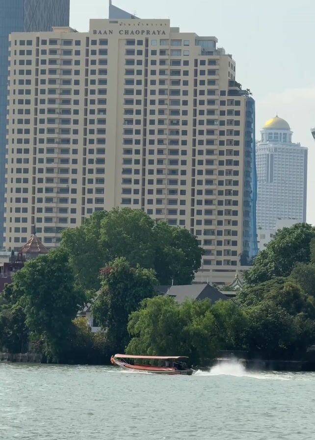 speedboat traversing a river against a backdrop of modern architecture and lush greenery. The "Baan Chao Phraya" building is prominently displayed, and other buildings and trees add to the urban and natural mix of the scene. The speedboat is moving swiftly, as evident by the trail of white water it leaves behind, while the sky is overcast.
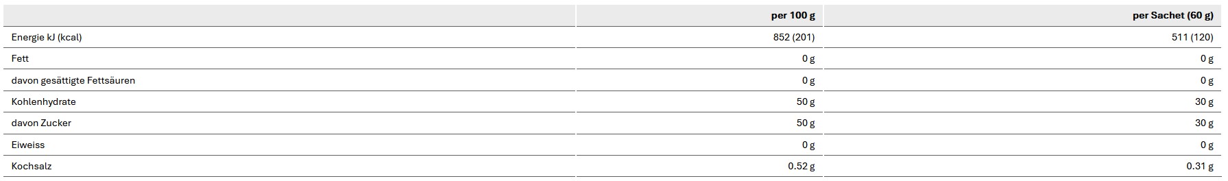 - Kohlenhydrate-Gel mit 50% Kohlenhydratanteil
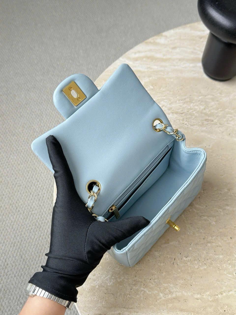 CHANEL CLASSIC MINI SQUARE – LAMBSKIN – LIGHT BLUE – TĐ
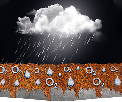 L’oxygène et l’eau provoquent une réaction chimique de certains composants du fer et vont ensemble favoriser le développement en surface d’une couche d’oxyde fer (brun rouge) : la rouille ou oxyde ferrique. Cette réaction lente et progressive appelée corrosion va avec le temps s’infiltrer dans le métal et le ronger petit à petit.
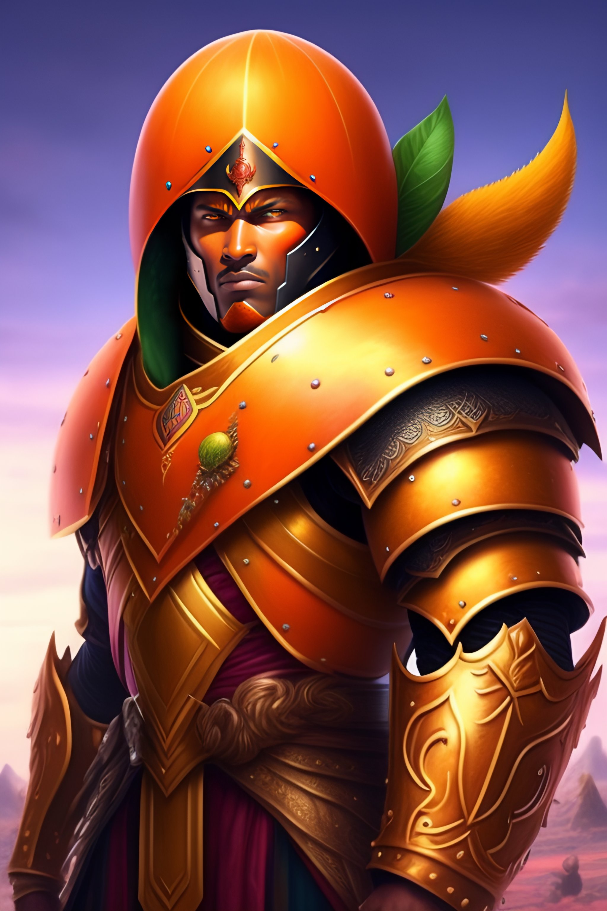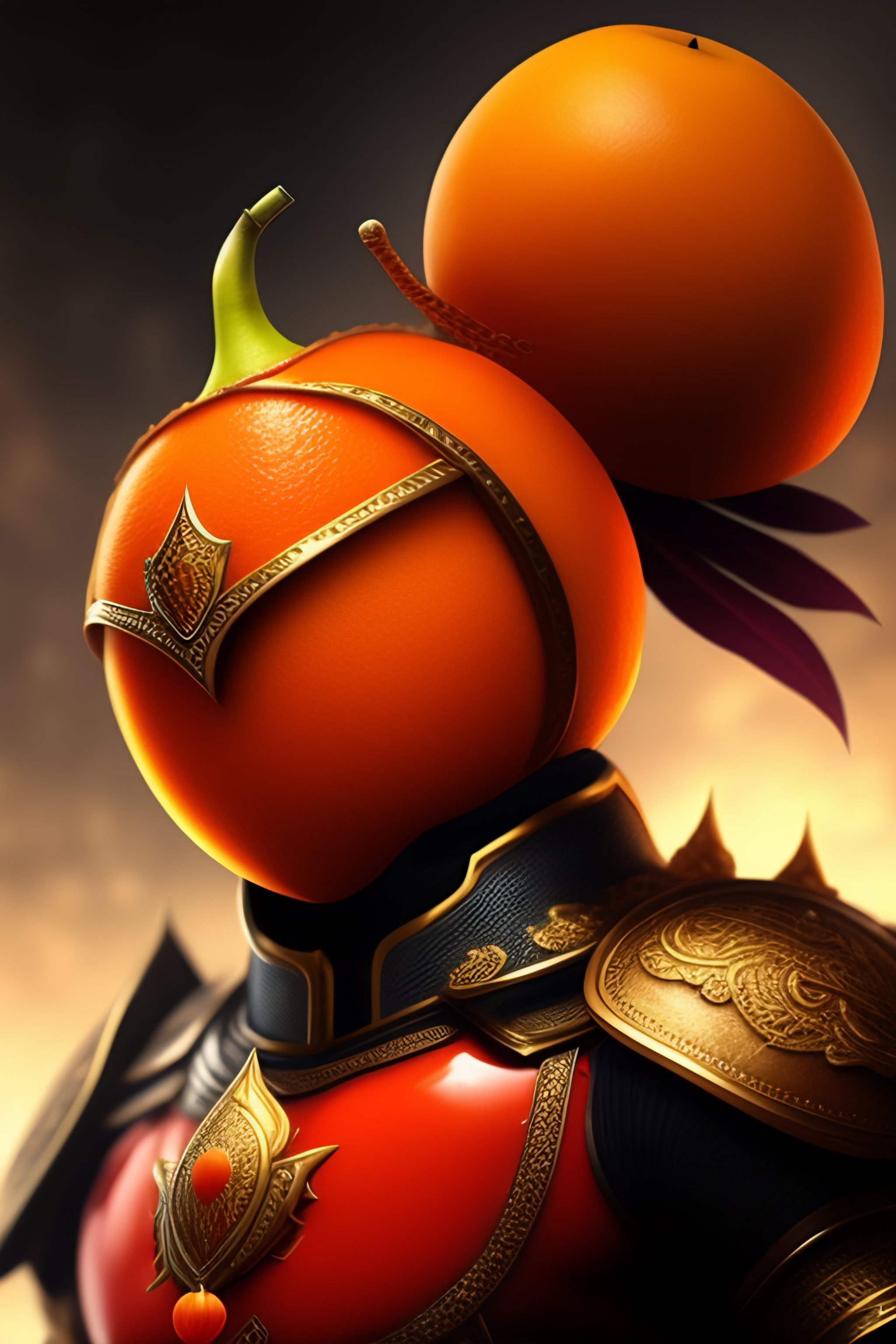 An orange fruit warrior with armor
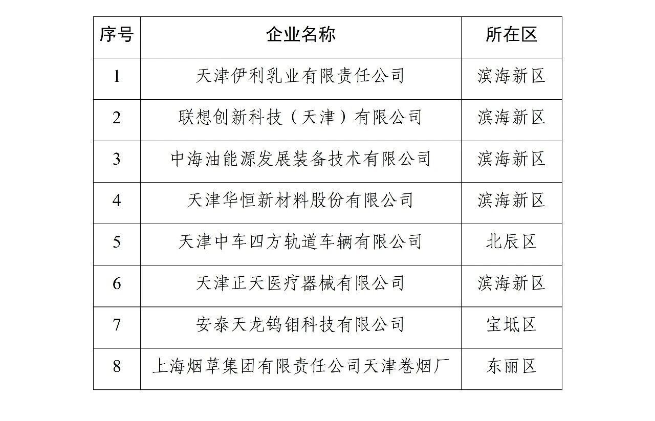 附:天津市第一批“零碳”工厂名单
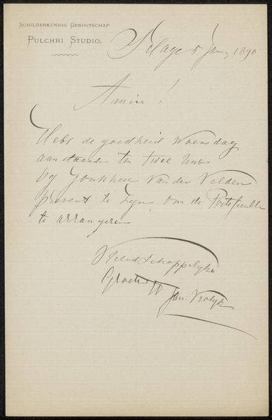 This is Jozef Israëls' "Brief aan Frans Buffa en Zonen", created with ink on paper. The letter presents an intimate glimpse into the artist's world through its handwritten form. The composition is dominated by the stark contrast between the pale paper and the dark ink, which creates a visual hierarchy, drawing our eye to the script. The looping and cursive lines of Israëls' handwriting present a tension between legibility and abstraction. Each word, each stroke, is a signifier, yet the overall effect transcends mere communication. The letterform creates a rhythm across the page, almost musical in its flow. Consider how the materiality of the paper interacts with the ink. The absorbency of the paper influences the spread of the ink, creating subtle variations in line weight and texture. This interplay adds depth and complexity to the surface, inviting closer inspection. The structure reflects a dialogue between intention and execution, revealing a narrative beyond the literal content of the letter.
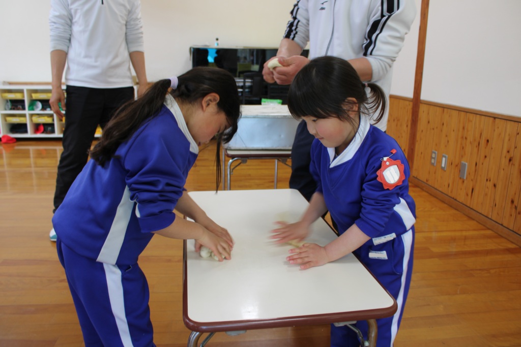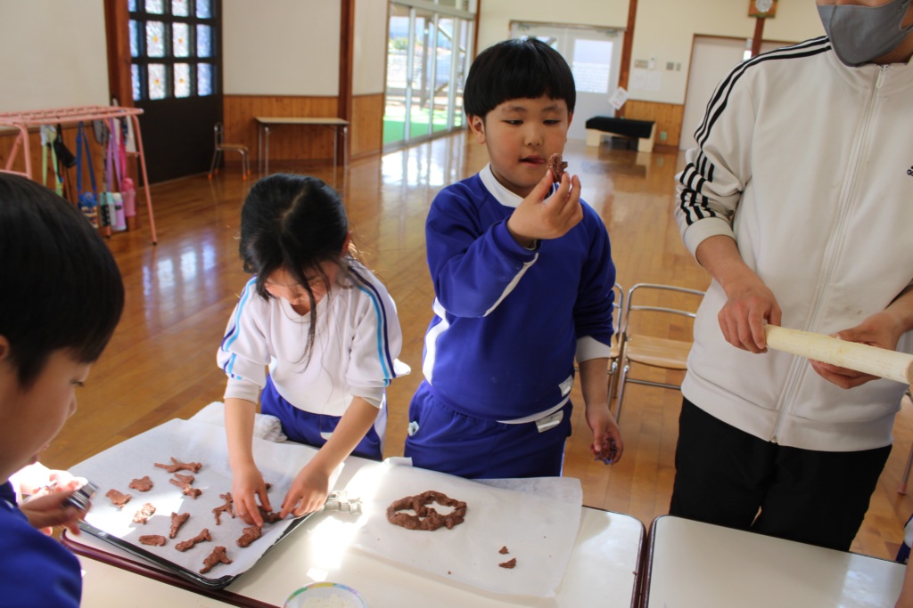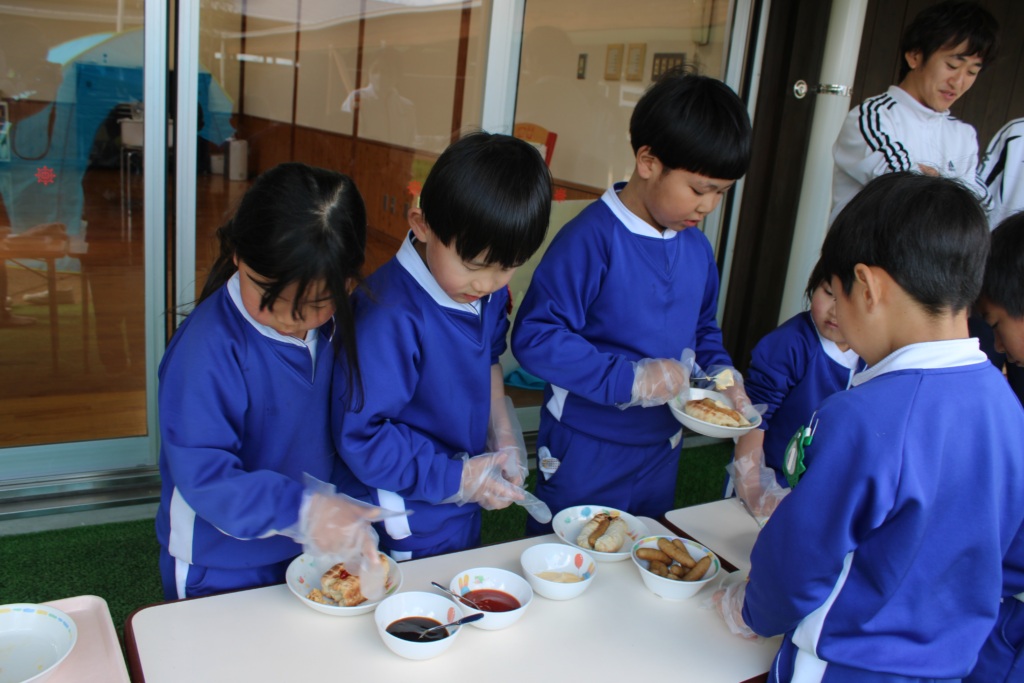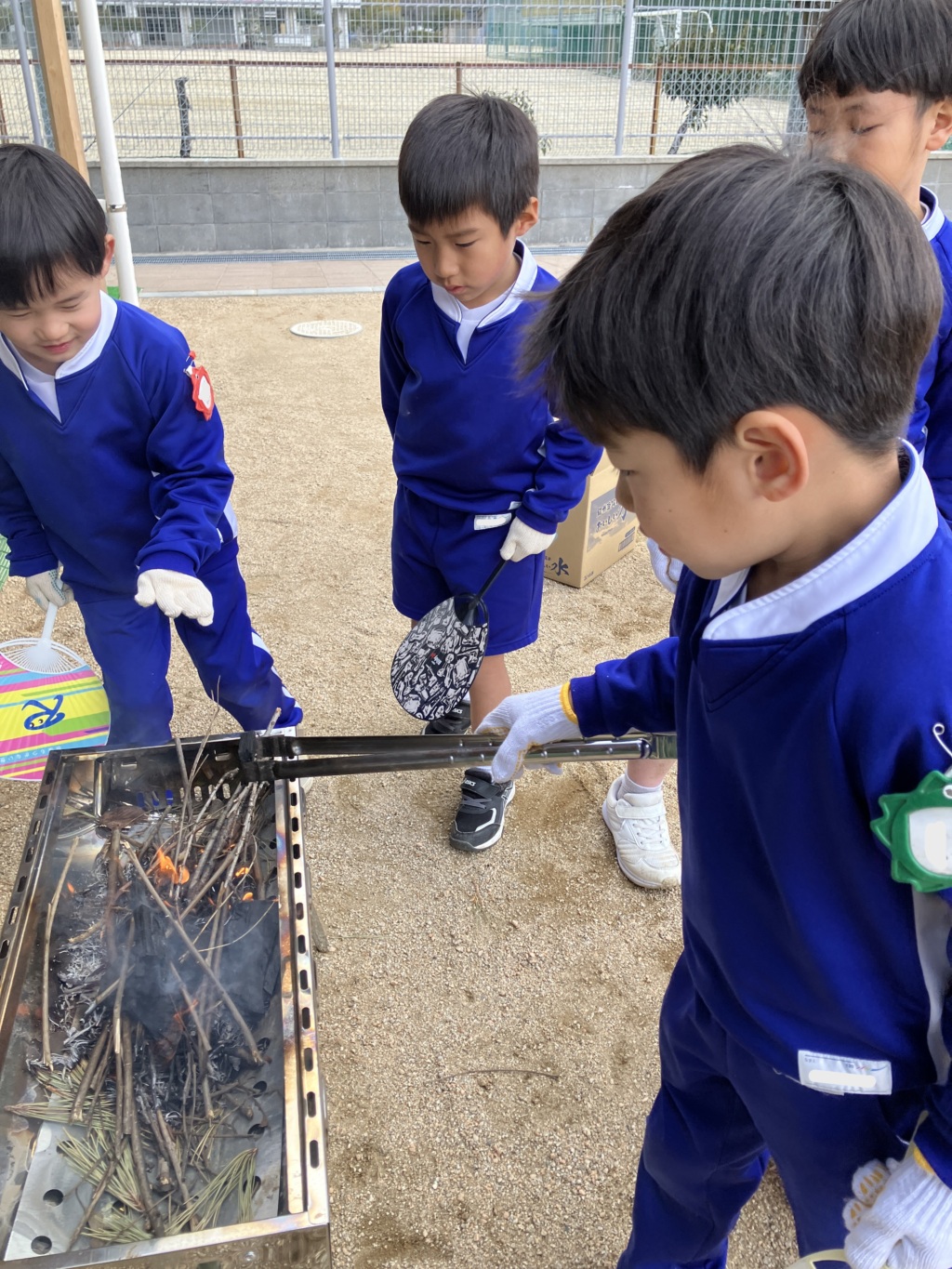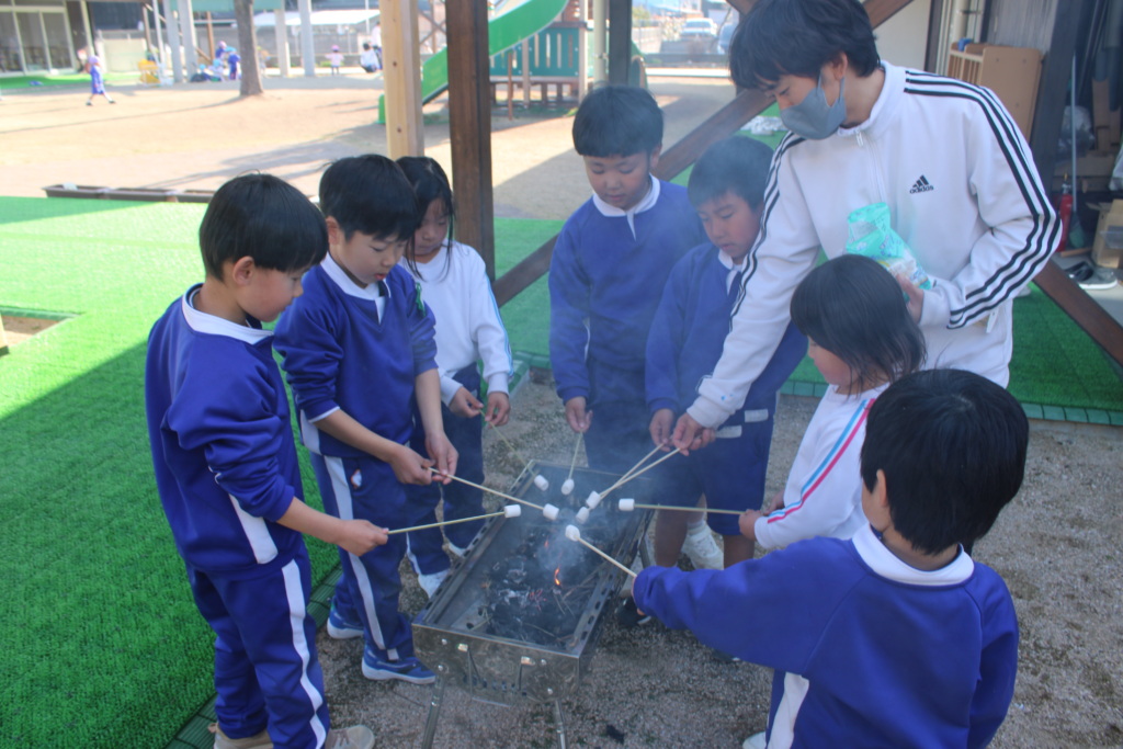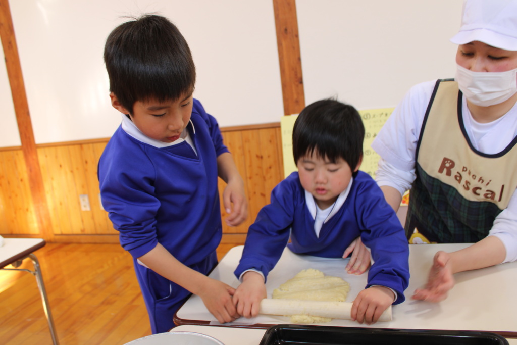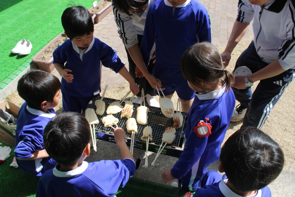 食べて片付けをした後は室内のロープで遊び、午後のおやつクッキーを給食の先生と一緒に作りました。生地を伸ばし、型を抜くのは意外と大変。給食先生のいつもの苦労が身に沁みました。クッキーと共にバーベキューコンロであぶったマシュマロも食べました。どちらもいい感じに焼けて、ほっぺたが落ちそうでしたよ。

....................

## EXERCISE DIRECTIONS:
Could you reproduce the records above exactly, leaving out the pictures?

## OUTPUT OF THE TASK:
 speedboat traversing a river against a backdrop of modern architecture and lush greenery. The "Baan Chao Phraya" building is prominently displayed, and other buildings and trees add to the urban and natural mix of the scene. The speedboat is moving swiftly, as evident by the trail of white water it leaves behind, while the sky is overcast.
 - Kohlenhydrate-Gel mit 50% Kohlenhydratanteil
 CHANEL CLASSIC MINI SQUARE – LAMBSKIN – LIGHT BLUE – TĐ
 L’oxygène et l’eau provoquent une réaction chimique de certains composants du fer et vont ensemble favoriser le développement en surface d’une couche d’oxyde fer (brun rouge) : la rouille ou oxyde ferrique. Cette réaction lente et progressive appelée corrosion va avec le temps s’infiltrer dans le métal et le ronger petit à petit.
 An orange fruit warrior with armor
 附:天津市第一批“零碳”工厂名单
 This is Jozef Israëls' "Brief aan Frans Buffa en Zonen", created with ink on paper. The letter presents an intimate glimpse into the artist's world through its handwritten form. The composition is dominated by the stark contrast between the pale paper and the dark ink, which creates a visual hierarchy, drawing our eye to the script. The looping and cursive lines of Israëls' handwriting present a tension between legibility and abstraction. Each word, each stroke, is a signifier, yet the overall effect transcends mere communication. The letterform creates a rhythm across the page, almost musical in its flow. Consider how the materiality of the paper interacts with the ink. The absorbency of the paper influences the spread of the ink, creating subtle variations in line weight and texture. This interplay adds depth and complexity to the surface, inviting closer inspection. The structure reflects a dialogue between intention and execution, revealing a narrative beyond the literal content of the letter.
 食べて片付けをした後は室内のロープで遊び、午後のおやつクッキーを給食の先生と一緒に作りました。生地を伸ばし、型を抜くのは意外と大変。給食先生のいつもの苦労が身に沁みました。クッキーと共にバーベキューコンロであぶったマシュマロも食べました。どちらもいい感じに焼けて、ほっぺたが落ちそうでしたよ。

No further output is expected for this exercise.